- _Exercise goal_
Look through the entries below and extract exactly the lines from the one containing "In comparison to 1840, a northward" through the one containing "ボディラインに優しくフィット", ends included.

****************

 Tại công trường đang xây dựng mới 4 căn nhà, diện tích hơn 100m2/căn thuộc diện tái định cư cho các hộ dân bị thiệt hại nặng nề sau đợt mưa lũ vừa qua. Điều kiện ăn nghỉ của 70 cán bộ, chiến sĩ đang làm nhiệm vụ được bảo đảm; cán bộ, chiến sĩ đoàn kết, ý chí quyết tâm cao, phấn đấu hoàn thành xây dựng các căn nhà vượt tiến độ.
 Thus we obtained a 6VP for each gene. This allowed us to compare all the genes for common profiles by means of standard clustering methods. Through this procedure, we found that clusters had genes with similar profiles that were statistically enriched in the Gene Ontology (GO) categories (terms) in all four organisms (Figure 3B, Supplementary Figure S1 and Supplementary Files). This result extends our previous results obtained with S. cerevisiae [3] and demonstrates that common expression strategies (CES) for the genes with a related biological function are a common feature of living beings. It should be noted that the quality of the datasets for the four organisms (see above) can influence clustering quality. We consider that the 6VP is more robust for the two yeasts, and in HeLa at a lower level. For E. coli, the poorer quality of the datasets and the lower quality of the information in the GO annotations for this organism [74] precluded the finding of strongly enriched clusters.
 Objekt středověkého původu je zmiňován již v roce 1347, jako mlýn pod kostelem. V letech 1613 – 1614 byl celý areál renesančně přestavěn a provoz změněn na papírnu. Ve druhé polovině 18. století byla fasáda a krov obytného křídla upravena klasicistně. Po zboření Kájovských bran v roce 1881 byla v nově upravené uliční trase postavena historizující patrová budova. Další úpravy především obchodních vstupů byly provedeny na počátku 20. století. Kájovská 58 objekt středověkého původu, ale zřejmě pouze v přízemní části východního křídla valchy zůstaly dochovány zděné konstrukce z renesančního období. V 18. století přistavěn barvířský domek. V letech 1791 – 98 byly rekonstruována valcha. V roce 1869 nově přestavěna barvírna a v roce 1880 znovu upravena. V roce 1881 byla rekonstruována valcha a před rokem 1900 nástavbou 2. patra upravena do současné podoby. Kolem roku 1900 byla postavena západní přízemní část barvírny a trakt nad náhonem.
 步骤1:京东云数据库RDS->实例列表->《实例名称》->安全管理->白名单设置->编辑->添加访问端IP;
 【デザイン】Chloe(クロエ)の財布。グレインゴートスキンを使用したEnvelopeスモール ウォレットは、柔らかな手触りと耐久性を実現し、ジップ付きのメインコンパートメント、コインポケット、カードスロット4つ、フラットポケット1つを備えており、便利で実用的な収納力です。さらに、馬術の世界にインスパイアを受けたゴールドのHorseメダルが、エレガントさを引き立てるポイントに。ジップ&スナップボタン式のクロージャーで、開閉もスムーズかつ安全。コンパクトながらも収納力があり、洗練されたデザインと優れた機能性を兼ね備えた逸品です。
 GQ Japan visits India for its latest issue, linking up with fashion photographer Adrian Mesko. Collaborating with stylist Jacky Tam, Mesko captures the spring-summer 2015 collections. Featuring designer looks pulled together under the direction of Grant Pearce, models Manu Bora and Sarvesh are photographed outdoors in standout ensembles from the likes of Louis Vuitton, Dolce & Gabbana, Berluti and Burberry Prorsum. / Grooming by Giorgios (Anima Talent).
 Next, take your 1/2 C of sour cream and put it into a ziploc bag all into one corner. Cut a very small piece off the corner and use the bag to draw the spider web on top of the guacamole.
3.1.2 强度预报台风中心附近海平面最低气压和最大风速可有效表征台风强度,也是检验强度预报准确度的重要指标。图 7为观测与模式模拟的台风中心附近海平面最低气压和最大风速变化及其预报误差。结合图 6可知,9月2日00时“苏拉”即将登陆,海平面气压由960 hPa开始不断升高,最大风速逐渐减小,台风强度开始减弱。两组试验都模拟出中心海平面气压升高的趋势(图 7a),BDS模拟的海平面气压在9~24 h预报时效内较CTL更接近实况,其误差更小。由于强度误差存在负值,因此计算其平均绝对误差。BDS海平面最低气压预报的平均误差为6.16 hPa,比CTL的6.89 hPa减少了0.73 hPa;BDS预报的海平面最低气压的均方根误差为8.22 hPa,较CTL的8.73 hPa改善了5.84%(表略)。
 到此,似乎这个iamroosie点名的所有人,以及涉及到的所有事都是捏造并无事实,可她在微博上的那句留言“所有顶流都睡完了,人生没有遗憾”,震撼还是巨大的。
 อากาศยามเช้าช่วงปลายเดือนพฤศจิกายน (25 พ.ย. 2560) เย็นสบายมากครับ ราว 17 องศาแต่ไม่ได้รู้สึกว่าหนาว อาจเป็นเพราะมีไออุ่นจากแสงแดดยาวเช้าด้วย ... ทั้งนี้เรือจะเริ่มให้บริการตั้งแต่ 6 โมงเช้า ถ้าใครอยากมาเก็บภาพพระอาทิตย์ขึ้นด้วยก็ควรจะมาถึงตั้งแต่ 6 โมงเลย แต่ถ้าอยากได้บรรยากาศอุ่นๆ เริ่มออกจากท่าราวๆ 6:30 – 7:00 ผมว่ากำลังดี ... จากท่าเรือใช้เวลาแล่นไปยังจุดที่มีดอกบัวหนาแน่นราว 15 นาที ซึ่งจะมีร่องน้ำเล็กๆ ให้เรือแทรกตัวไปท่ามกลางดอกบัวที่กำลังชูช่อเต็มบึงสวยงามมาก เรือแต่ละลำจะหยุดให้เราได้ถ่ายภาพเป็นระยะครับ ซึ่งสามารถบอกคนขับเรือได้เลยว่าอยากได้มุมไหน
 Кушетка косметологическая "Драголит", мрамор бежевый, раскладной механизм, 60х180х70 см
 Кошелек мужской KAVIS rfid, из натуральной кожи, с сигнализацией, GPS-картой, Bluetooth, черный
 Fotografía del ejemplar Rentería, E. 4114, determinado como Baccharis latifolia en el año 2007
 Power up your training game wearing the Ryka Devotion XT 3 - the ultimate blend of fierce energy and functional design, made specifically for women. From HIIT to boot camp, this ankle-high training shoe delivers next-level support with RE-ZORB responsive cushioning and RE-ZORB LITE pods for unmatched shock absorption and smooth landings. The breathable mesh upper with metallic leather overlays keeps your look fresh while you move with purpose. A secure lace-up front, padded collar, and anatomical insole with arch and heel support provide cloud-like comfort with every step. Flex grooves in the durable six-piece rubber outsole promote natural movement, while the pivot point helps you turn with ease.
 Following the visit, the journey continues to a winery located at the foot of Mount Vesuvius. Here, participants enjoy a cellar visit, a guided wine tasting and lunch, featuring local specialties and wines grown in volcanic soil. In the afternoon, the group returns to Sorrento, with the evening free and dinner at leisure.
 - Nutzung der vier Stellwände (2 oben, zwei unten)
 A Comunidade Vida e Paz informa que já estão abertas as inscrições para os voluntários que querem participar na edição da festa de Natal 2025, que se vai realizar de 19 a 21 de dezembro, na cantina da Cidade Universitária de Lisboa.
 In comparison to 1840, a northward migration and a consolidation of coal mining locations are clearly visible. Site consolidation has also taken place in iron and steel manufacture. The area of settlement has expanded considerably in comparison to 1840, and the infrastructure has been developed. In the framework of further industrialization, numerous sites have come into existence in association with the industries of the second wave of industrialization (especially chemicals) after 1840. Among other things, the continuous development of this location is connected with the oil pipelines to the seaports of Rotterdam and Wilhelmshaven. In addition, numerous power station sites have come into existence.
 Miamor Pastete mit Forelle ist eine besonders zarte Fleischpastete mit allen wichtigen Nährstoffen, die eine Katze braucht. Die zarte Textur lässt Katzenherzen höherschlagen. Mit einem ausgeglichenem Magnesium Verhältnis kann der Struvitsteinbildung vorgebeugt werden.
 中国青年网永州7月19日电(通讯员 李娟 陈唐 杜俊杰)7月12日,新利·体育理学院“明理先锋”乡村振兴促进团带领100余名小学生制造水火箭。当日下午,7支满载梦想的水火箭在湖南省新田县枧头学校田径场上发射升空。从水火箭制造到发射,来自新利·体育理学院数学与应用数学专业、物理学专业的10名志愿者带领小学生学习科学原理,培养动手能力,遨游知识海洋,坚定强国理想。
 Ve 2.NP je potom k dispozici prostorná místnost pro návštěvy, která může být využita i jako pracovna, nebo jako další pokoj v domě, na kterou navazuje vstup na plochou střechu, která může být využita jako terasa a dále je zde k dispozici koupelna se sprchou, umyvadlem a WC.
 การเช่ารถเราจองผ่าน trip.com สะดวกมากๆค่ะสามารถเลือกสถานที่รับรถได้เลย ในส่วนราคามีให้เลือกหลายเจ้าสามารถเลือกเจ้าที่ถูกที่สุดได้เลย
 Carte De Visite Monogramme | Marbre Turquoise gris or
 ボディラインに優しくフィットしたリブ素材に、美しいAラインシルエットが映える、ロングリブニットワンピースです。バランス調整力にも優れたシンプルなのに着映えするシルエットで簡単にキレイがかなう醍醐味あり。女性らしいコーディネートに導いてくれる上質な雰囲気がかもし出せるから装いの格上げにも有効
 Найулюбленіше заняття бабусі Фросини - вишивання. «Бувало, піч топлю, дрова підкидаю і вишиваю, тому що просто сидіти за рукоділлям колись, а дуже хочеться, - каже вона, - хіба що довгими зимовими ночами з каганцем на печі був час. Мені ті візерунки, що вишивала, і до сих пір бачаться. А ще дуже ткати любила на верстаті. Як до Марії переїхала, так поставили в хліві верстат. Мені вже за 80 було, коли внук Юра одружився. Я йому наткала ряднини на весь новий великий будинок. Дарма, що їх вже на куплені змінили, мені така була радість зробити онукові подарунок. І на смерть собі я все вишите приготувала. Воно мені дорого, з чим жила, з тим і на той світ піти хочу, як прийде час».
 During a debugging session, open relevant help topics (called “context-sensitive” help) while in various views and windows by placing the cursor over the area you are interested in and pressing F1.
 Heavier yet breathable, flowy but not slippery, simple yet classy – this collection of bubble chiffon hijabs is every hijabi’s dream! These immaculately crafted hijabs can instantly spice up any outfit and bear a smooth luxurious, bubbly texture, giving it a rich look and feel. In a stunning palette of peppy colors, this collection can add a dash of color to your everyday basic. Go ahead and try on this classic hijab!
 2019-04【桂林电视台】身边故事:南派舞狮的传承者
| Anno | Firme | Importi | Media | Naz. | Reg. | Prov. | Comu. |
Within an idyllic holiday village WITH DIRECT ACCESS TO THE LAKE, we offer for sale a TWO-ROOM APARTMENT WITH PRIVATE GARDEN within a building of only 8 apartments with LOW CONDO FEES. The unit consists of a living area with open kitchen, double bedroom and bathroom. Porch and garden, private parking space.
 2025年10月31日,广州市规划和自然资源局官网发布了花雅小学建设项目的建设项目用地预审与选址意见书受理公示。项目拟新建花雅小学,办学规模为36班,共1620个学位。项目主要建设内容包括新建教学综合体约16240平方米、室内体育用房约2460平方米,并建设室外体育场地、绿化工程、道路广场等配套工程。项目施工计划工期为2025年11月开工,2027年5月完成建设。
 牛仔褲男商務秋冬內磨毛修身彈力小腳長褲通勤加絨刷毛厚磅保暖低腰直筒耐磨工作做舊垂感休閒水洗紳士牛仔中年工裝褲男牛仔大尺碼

****************

- _Output of the task_
 In comparison to 1840, a northward migration and a consolidation of coal mining locations are clearly visible. Site consolidation has also taken place in iron and steel manufacture. The area of settlement has expanded considerably in comparison to 1840, and the infrastructure has been developed. In the framework of further industrialization, numerous sites have come into existence in association with the industries of the second wave of industrialization (especially chemicals) after 1840. Among other things, the continuous development of this location is connected with the oil pipelines to the seaports of Rotterdam and Wilhelmshaven. In addition, numerous power station sites have come into existence.
 Miamor Pastete mit Forelle ist eine besonders zarte Fleischpastete mit allen wichtigen Nährstoffen, die eine Katze braucht. Die zarte Textur lässt Katzenherzen höherschlagen. Mit einem ausgeglichenem Magnesium Verhältnis kann der Struvitsteinbildung vorgebeugt werden.
 中国青年网永州7月19日电(通讯员 李娟 陈唐 杜俊杰)7月12日,新利·体育理学院“明理先锋”乡村振兴促进团带领100余名小学生制造水火箭。当日下午,7支满载梦想的水火箭在湖南省新田县枧头学校田径场上发射升空。从水火箭制造到发射,来自新利·体育理学院数学与应用数学专业、物理学专业的10名志愿者带领小学生学习科学原理,培养动手能力,遨游知识海洋,坚定强国理想。
 Ve 2.NP je potom k dispozici prostorná místnost pro návštěvy, která může být využita i jako pracovna, nebo jako další pokoj v domě, na kterou navazuje vstup na plochou střechu, která může být využita jako terasa a dále je zde k dispozici koupelna se sprchou, umyvadlem a WC.
 การเช่ารถเราจองผ่าน trip.com สะดวกมากๆค่ะสามารถเลือกสถานที่รับรถได้เลย ในส่วนราคามีให้เลือกหลายเจ้าสามารถเลือกเจ้าที่ถูกที่สุดได้เลย
 Carte De Visite Monogramme | Marbre Turquoise gris or
 ボディラインに優しくフィットしたリブ素材に、美しいAラインシルエットが映える、ロングリブニットワンピースです。バランス調整力にも優れたシンプルなのに着映えするシルエットで簡単にキレイがかなう醍醐味あり。女性らしいコーディネートに導いてくれる上質な雰囲気がかもし出せるから装いの格上げにも有効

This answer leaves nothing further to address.